4 minute read
The Quest For Fascination In A Curious Mind
By Leslie Virostek
Kelefa Sanneh '93
As a staff writer for The New Yorker, Kelefa Sanneh has pursued quirky topics, often involving off-the-beaten-path research. For a profile of controversial comedian Shane Gillis, he spent time acclimating to New York’s raucous comedy club scene. For a piece about the revival of Bruichladdich Scotch whisky, he traveled to its distillery on an island in the Scottish Hebrides. His work as a contributor to CBS Sunday Morning is similarly eclectic. One week he will be asking probing questions of musicians and movie stars, and the next introducing viewers to such novelties as “plant walls,” akin to giant, living tapestries.
“Looking for rabbit holes to go jump down,” is one way he describes his quest for fascinating topics, noting, “It’s always a privilege when people let you into their world.” Finding a way to make one’s own obsessions interesting to others is the challenge. If the subject is obscure, how do you get people to care about it? If it’s well known, how do you deliver something original? Kelefa says it boils down to “wanting to be able to tell a story that somehow hasn’t been told before.”
Whatever else he’s chasing, Kelefa’s ongoing obsession is music. His new book, Major Labels: A History of Popular Music in Seven Genres, draws upon his lifelong love of music and work as a music critic for the New York Times from 2002 to 2008. Deftly illuminating the evolutions, devolutions, convolutions, and crossovers of rock, R&B, country, punk, hip-hop, dance, and pop music, the book also grapples with the very notion of genre. Are genres bad, just rigid boxes to be stuck in? Kelefa doesn’t think so. He sees genres as tribes or communities of listeners who are defined as much by what they are for as what they are against. When an artist pushes on genre boundaries — or narrows them by rejecting what’s trendy to revert a more “pure” style — it is a gesture of rebellion that only makes sense in the context of belonging to something. He says, “People talk about the way music brings us together, but I am interested in the divisive power of music.” For Kelefa, defiance and disagreement are the fun part of cultural phenomena.

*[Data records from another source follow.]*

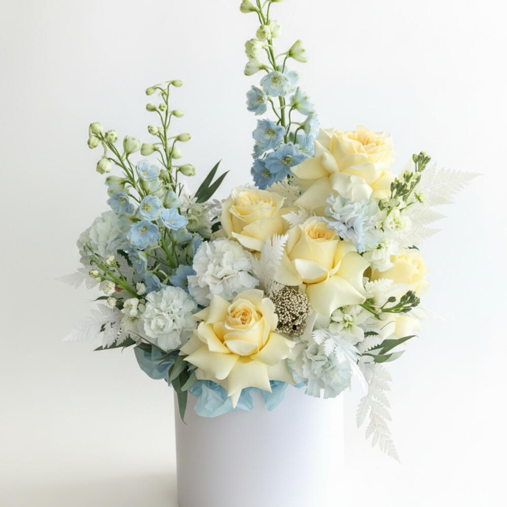 Погрузитесь в спокойствие этого моно-букета — композиции из нежных цветов, где классическая красота встречается с современной элегантностью. В него входят три пышные персиковые розы — романтика мягких оттенков, окружённые рядом из пяти светло-голубых окрашенных гвоздик, создающих умиротворяющую атмосферу. Дополнительно букет обогащён очарованием светло-голубых маттиол, придающих нотку сияния. Этот букет — изысканное акцентное изделие, идеально подходящее для украшения любой обстановки своей сдержанной элегантностью.
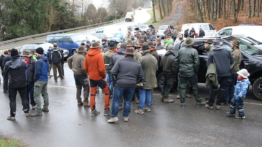 Das Letzte Holzstellen für dieses Jahr, trotz des Wetters Große Beteiligung
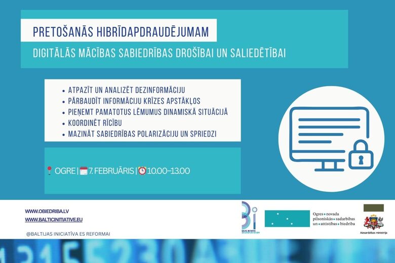 Biedrība “Ogres novada pilsoniskās sadarbības un attīstības biedrība” sadarbībā ar domnīcu “Baltijas iniciatīva ES reformai” un ar Aizsardzības ministrijas atbalstu Ogres iedzīvotājus un pilsoniskās sabiedrības pārstāvjus aicina piedalīties simulētās hibrīddraudu novēršanas mācībās, kas notiks 2026. gada 7. februārī Ogrē.
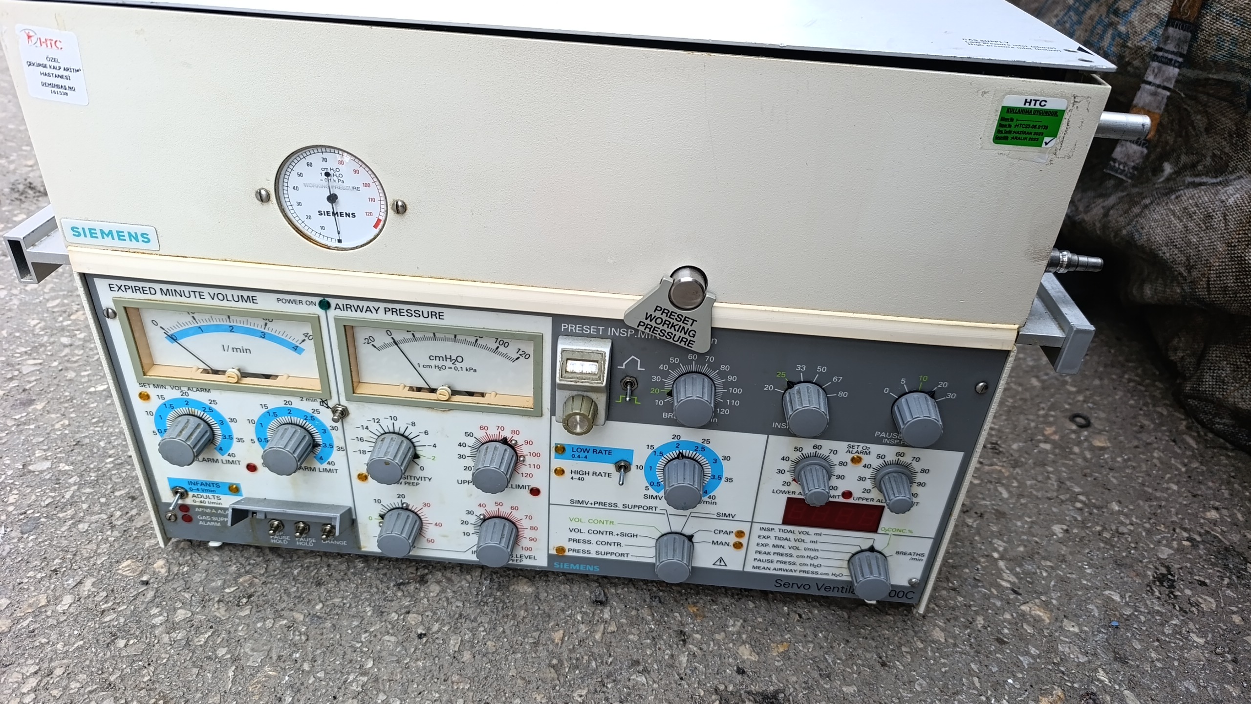 - Institution Label: The white label in the upper left corner contains the text “HTC ÖZEL ÇEKİRGE KALP ARİTMİ HASTANESİ” and the inventory number “DEMİRBAŞ NO 161538”.

Kelefa has always been curious about what American culture is doing at the moment. Having arrived in the United States at the age of five with his South African mom and Gambian dad, he believes that being an immigrant may have contributed to developing the mindset of a professional observer and analyzer. When a song called “Bad Habit” by artist Steve Lacy hit No. 1 on Billboard’s Hot 100 list in October, it was an example of an extremely improbable pop star succeeding with a very unlikely pop song. In other words, exactly the kind of thing that makes Kelefa wonder: What’s up with that?
As Kelefa recounts in his book, his most formative experience in music happened at Choate: third form year his best friend, Matt Moses ’93, gave him a mixtape loaded with punk music. “It converted me,” says Kelefa, who with Moses began hosting a WWEB punk radio show from Hill House’s basement.
Back then Kelefa would scour New Haven record stores for the most defiantly punk, most anti-everything-else music he could find. Today, as a middle-aged dad and fixture of the mainstream media, he still delights in the punk sound and sensibility, noting it can be found in such disparate places as the songs of pop sensation Olivia Rodrigo and albums of hip-hop star Young Thug.
And the thrill of discovering new music is not gone in the least. On Fridays, when the major record labels put out a huge buffet of new releases, Kelefa is ready to dig in. “The streaming era seems almost too good to be true,” he says. “It’s as if I get to go on a nonstop record-shopping spree all the time.” He will spend all week digesting dozens of new songs until next Friday, when he gets to do it all over again. For Kelefa, there has always been joy in the immersive experience of listening to music. He says, “I love the idea of living inside a song.”